# Australian SAS Soldier Killed in Afghanistan



## AWP (Jul 9, 2008)

Blue Skies.

http://news.yahoo.com/s/afp/2008070...80708231008;_ylt=Ahl7E8IWpmcokVpV0JQCloXOVooA



> SYDNEY (AFP) - An Australian special forces soldier has been killed in a roadside bomb attack in Afghanistan which wounded three other troops, the army said Wednesday.


----------



## Ravage (Jul 9, 2008)

RIP Trooper...


----------



## tova (Jul 9, 2008)

RIP, Godspeed, PBS....


----------



## Chopstick (Jul 9, 2008)

RIP


----------



## Rabid Badger (Jul 9, 2008)

RIP Brother


----------



## digrar (Jul 9, 2008)

He was a Signalman, not a Trooper, posted to the Regiments Signal Squadron. According to the boys he was a good bloke, happy to help the young diggers coming through the trade and will be sorely missed.


----------



## HoosierAnnie (Jul 9, 2008)

Rest Well


----------



## car (Jul 9, 2008)

RIP Warrior


----------



## Gypsy (Jul 9, 2008)

Rest in Peace, Warrior.  Prayers out to the wounded.


----------



## RackMaster (Jul 9, 2008)

RIP.

VVV


----------



## SgtUSMC8541 (Jul 9, 2008)

RIP.


----------



## Crusader74 (Jul 9, 2008)

RIP.


----------



## 8'Duece (Jul 9, 2008)

Rest Easy Brother. 

Thank you for your dedication and you sacrifice.


----------



## QC (Jul 10, 2008)

digrar said:


> He was a Signalman, not a Trooper, posted to the Regiments Signal Squadron.
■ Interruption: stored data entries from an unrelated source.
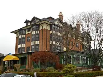 Built in 1906, this historic structure is a five-story, Tudor Revival building, with a two-story rear extension. It is built using brick and stucco with false Half Timbering and features a one-story, wraparound porch with a semi-circular dining projection and two projecting bay windows that extend from the second to fourth floors.[2]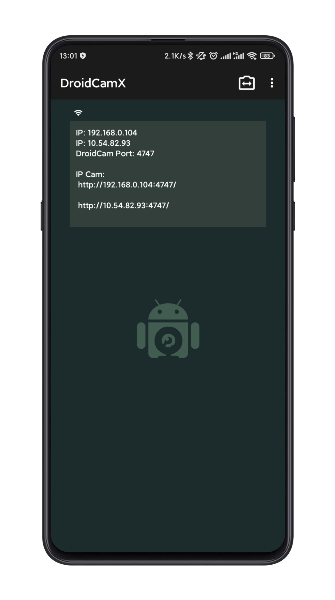 接下来在 手机上 安装 客户端 应用,打开后即可见 下方图示 的 连接信息,点击 右上角 的 切换图标 可 选择摄像头 进行使用。点击 右上角 的 菜单 – 设置 后可见 保持设备处于换新状态、屏幕自动变暗、DroidCam Port、摄像头、麦克风、IP网络摄像头 等功能。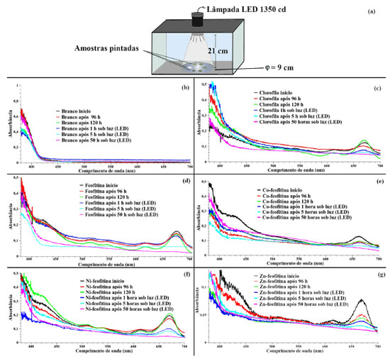 ![]() Figura 5. Aparato para teste de estabilidade à luz (5a); espectros eletrônico das amostras expostas a luz: branco (5b), clorofila (5c), feofitina (5d), Co-feofitina (5e), Ni-feofitina (5f), Zn-feofitina (5g)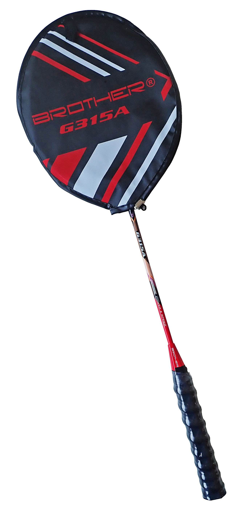 Popis produktu Badmintonová raketa Brother G315A s hliníkovým rámem a pouzdrem červenočerná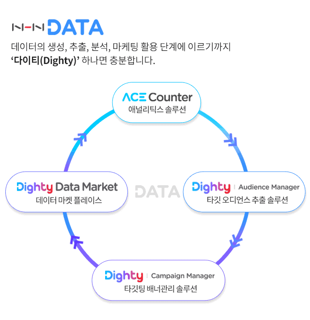 NHN DATA가 제공하는 CDP 서비스는‘다이티(Dighty).’ 2019년 첫 선을 보인 후 ‘다이티’는 ▲웹로그 분석 서비스 ‘에이스카운터’ ▲타겟 오디언스 추출 솔루션 ‘다이티 오디언스 매니저’ ▲타겟팅 배너 관리 솔루션 ‘다이티 캠페인 매니저’ ▲데이터 허브 역할의 ‘다이티 데이터 마켓’ 등 총 4가지 라인업으로 보강했다.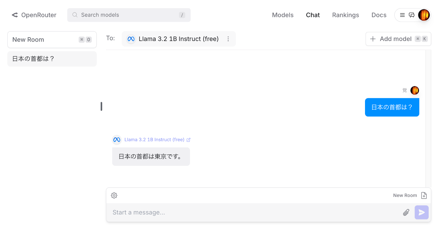 以下は、モデルMeta: Llama 3.2 1B Instruct (free)を使用した例です。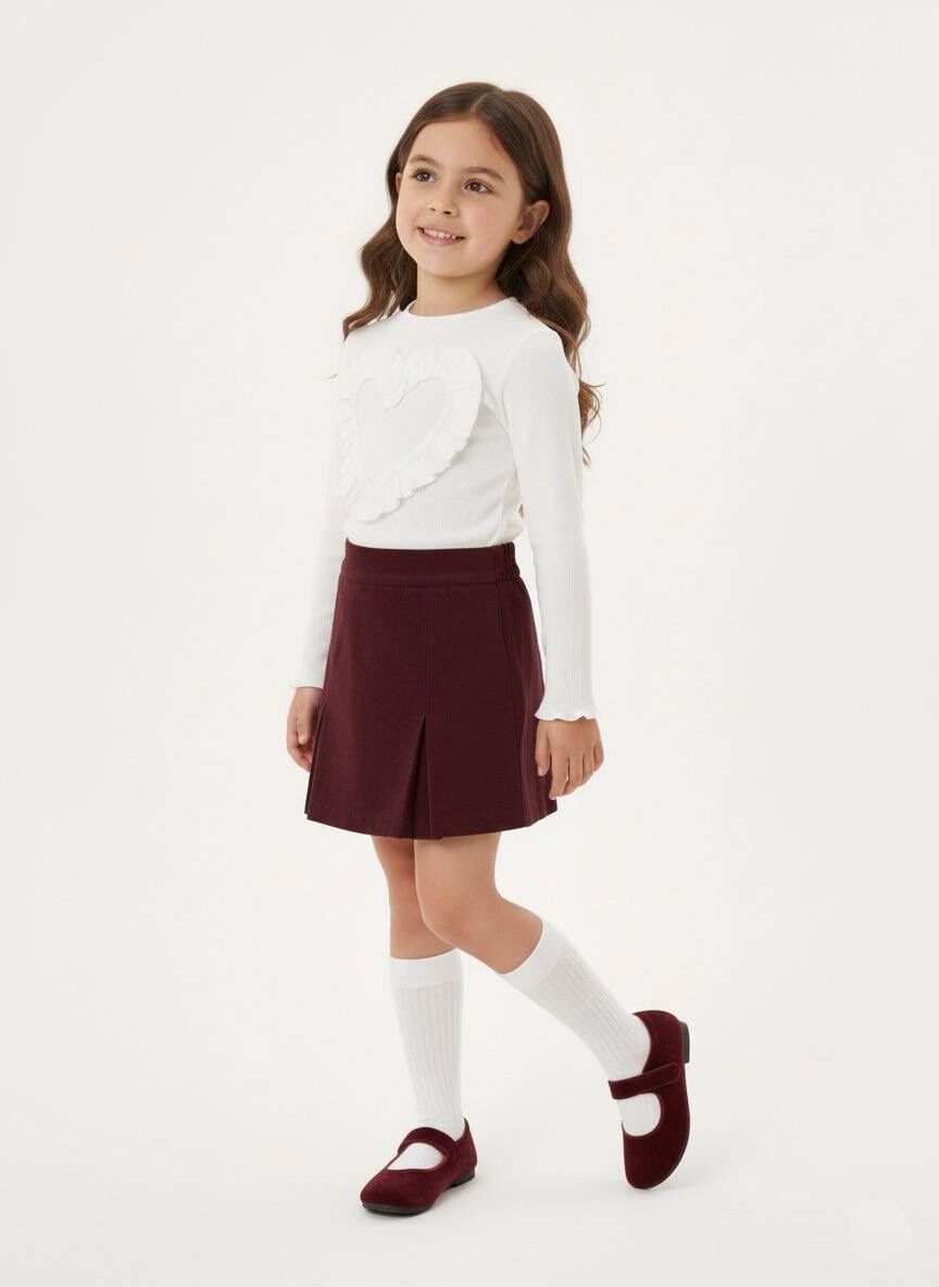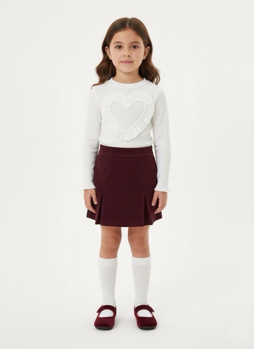 Kalp Baskılı Şort Etek 2’li Takım - Bordo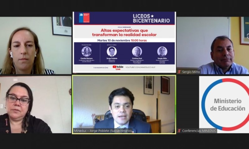 Seminario online “Altas expectativas que transforman la realidad escolar”, buscó transmitir el valor de desarrollar una cultura de altas expectativas en los establecimientos y mostrar ejemplos concretos de dos Liceos Bicentenario que han implementado estrategias que han posibilitado cambios y resultados positivos en sus recintos escolares.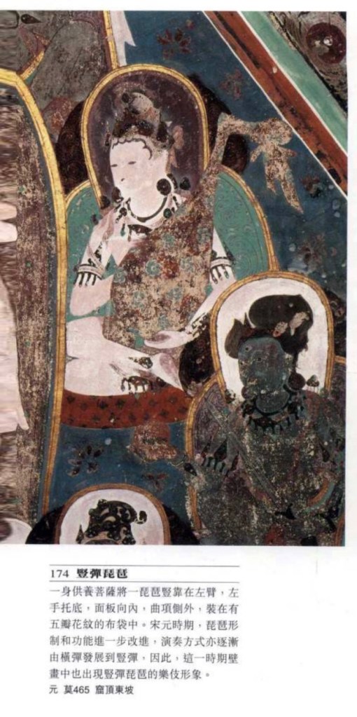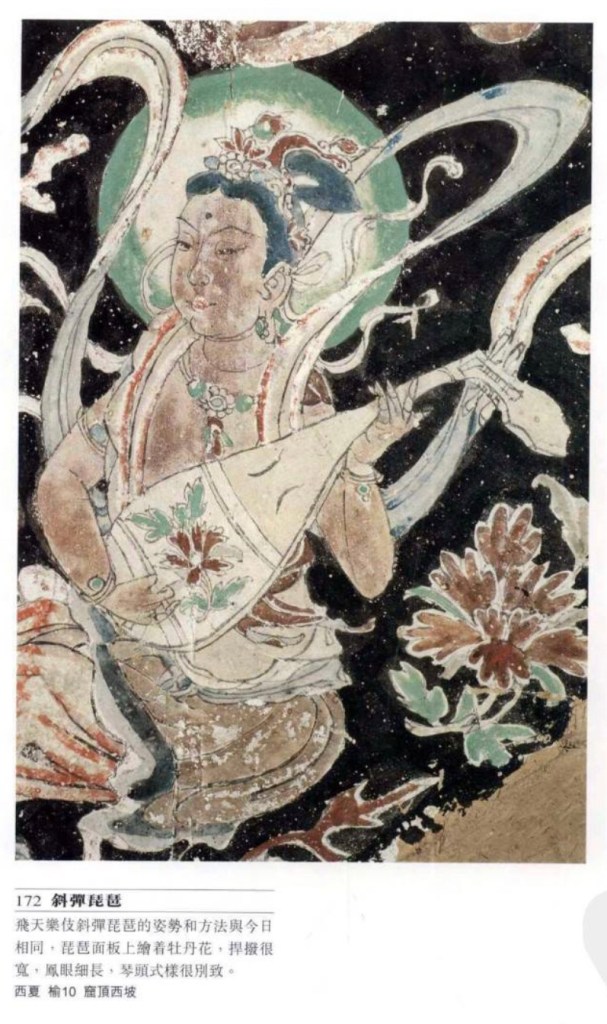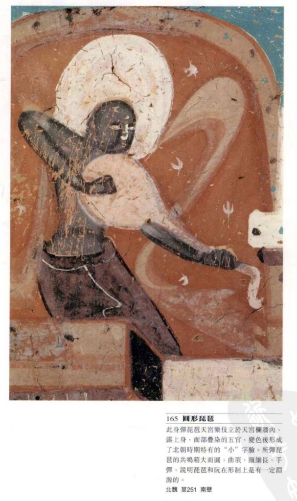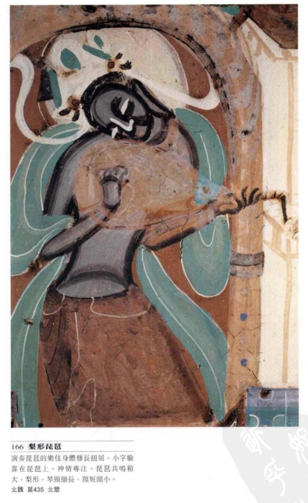 琵琶共鳴箱為梨形,四弦,曲項或直項。弦的兩端設山口及縛手。古時初設四相,後設品柱。面板裝饰有捍撥,並在面版上左右挖傳音孔,稱為鳳眼。早期橫抱,朋代以後才變為豎抱。琵琶二字始於漢代,漢代琵琶是指圓形的阮,東漢晚期出現梨形,名稱混亂。至唐。梨形定名為琵琶,圓形為阮咸。莫高窟有七百多隻,早期較小及狹長,隋代漸寛,至唐代穏定在寛圓型。 五弦 亦稱五弦琵琶,稍小,數量只見四十餘個,曲、直項也有。
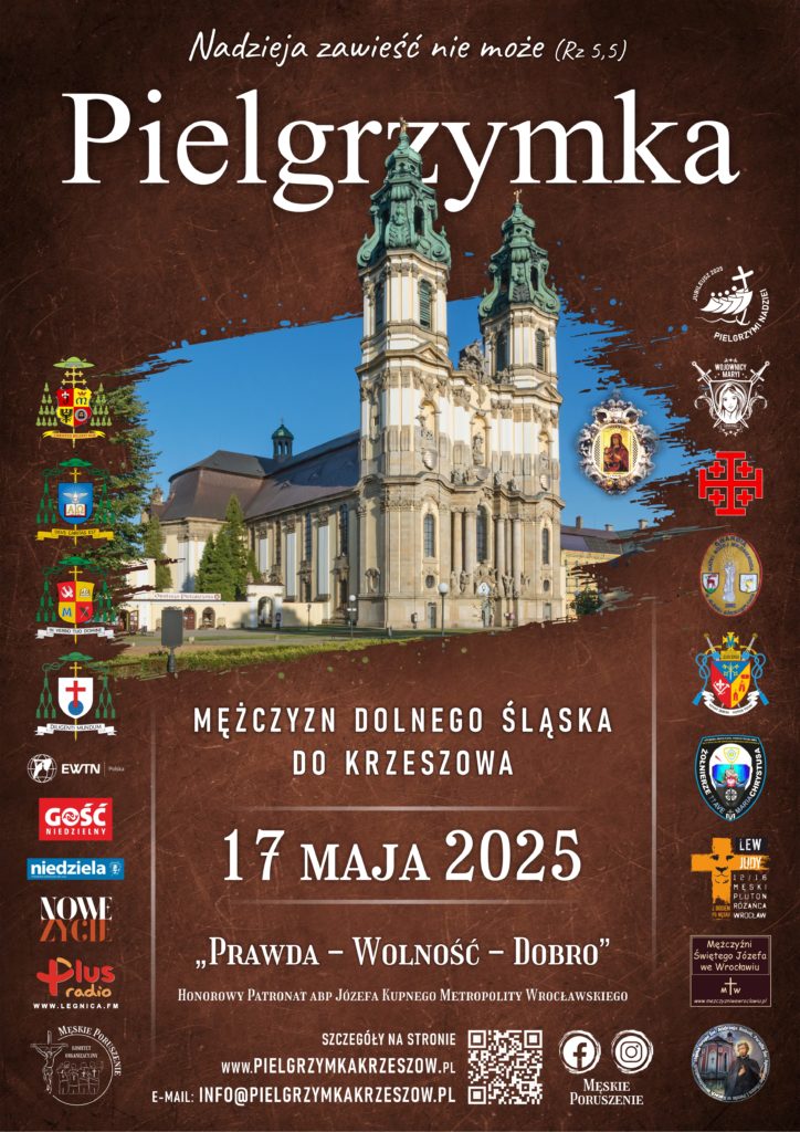 W dniu 17 maja 2025 zapraszamy na wyjątkową pielgrzymkę, tylko dla mężczyzn do sanktuarium w Krzeszowie w godz. 9.00 – 17.00. Można zapisać się na autokar lub przyjechać swoim transportem. Przewidziany bogaty program dla każdego mężczyzny.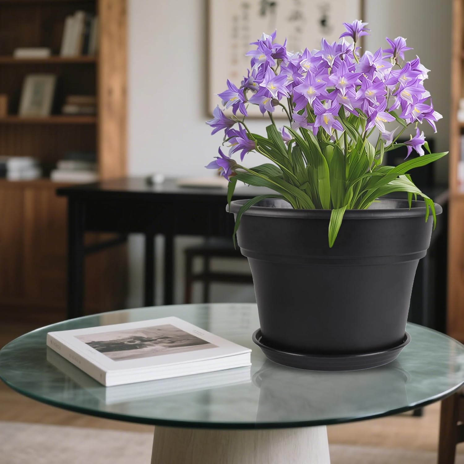 - 【Excellent Drainage and Tray】10 inch Plant Pots are equipped with pre-drilled drainage holes and a removable saucer, these planting pots ensure proper water flow, prevent root rot, and protect surfaces from excess moisture. Saucers capture overflow water for easy cleanup.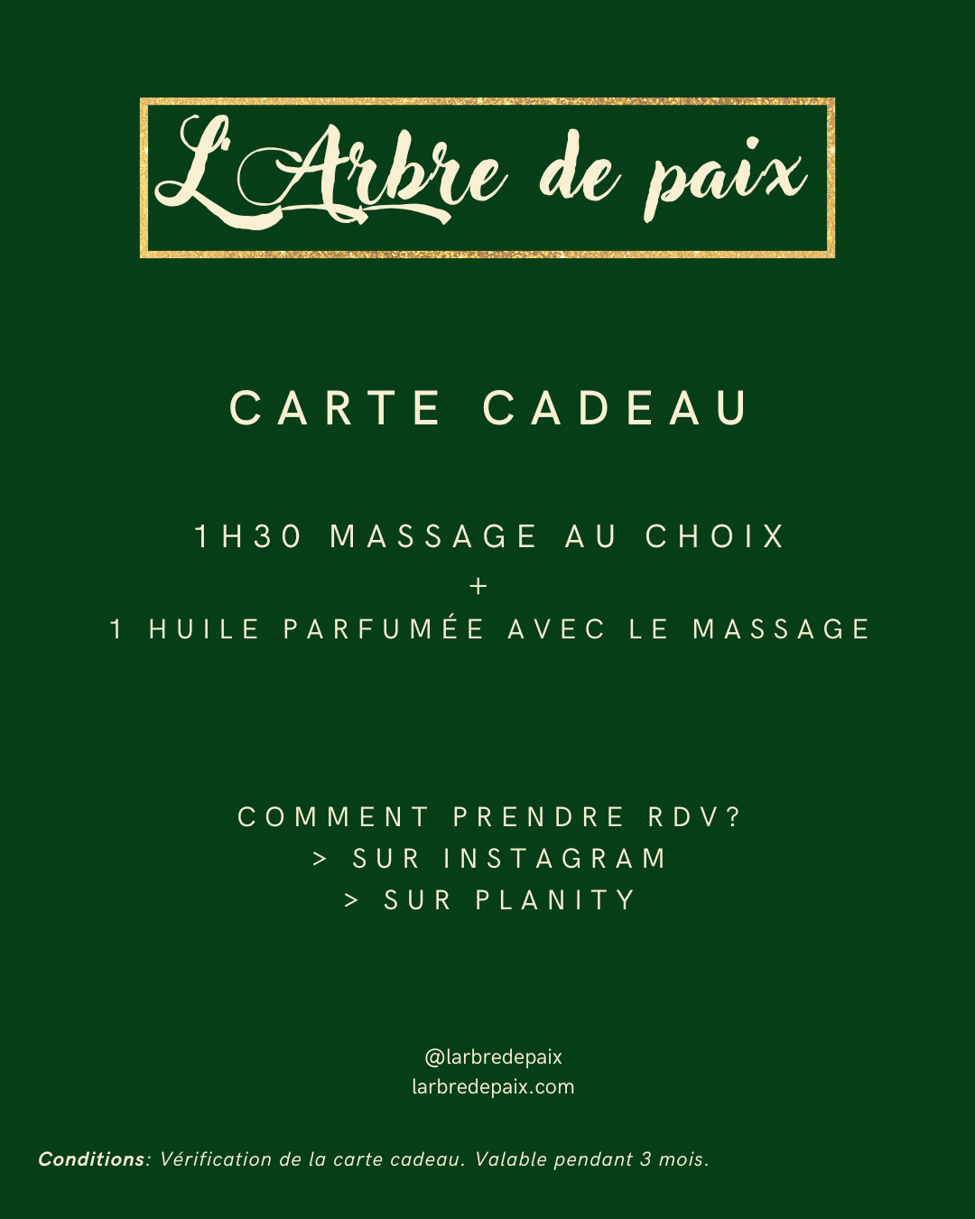 Conditions: Vérification de la carte cadeau. Valable pendant 3 mois.

According to the boys he was a good bloke, happy to help the young diggers coming through the trade and will be sorely missed.



From 152?


----------



## Wicked1 (Jul 10, 2008)

RIP


----------



## CBTech (Jul 11, 2008)

RIP Digger.


----------



## 0699 (Jul 11, 2008)

RIP Warrior.


----------



## digrar (Jul 12, 2008)

Queens Cadet said:


> From 152?



Yep.


----------



## Seraph (Jul 14, 2008)

R.I.P, gone but not forgotten.


----------